*DATASET EXTRACT:*
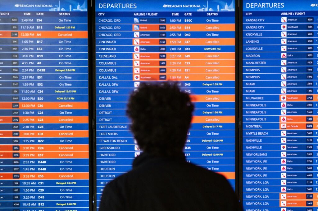 | Un tableau avec des vols annulés en raison de la tempête hivernale à l'aéroport national Reagan à Arlington en Virginie, le 23 décembre. |
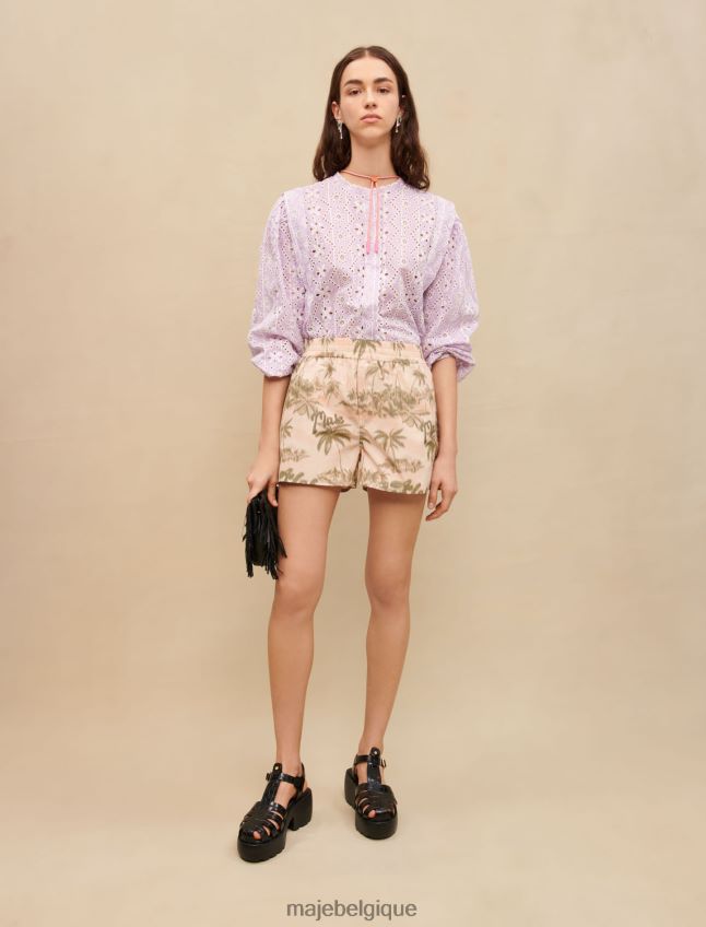 cette saison, maje revisite le motif palmier avec une touche estivale et folk. ce short surdimensionné comporte deux poches et injecte un peu de fun dans les looks.
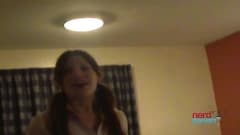 Esta jovem morena está em seu uniforme de escola e mais do que disposta a sugar este pau ficando de joelhos neste POV...
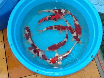 Les salutations sont cordiales et je peux sélectionner 3 beaux kois, un doitsu kujaku, un maruten kohaku que je voulais à tout prix depuis une semaine et –comme bouquet- un splendide doitsu kohaku qui serait certainement la star à n'importe quel koishow ! Le frère aîné me dit en souriant : “Kim-san is very good customer!”

*EXERCISE BRIEF:* Print nothing but the lines above starting with the line that contains "cette saison, maje" and going on through the line that contains "Esta jovem morena". Leave out the pictures.

*EXERCISE SOLUTION:*
 cette saison, maje revisite le motif palmier avec une touche estivale et folk. ce short surdimensionné comporte deux poches et injecte un peu de fun dans les looks.
 Esta jovem morena está em seu uniforme de escola e mais do que disposta a sugar este pau ficando de joelhos neste POV...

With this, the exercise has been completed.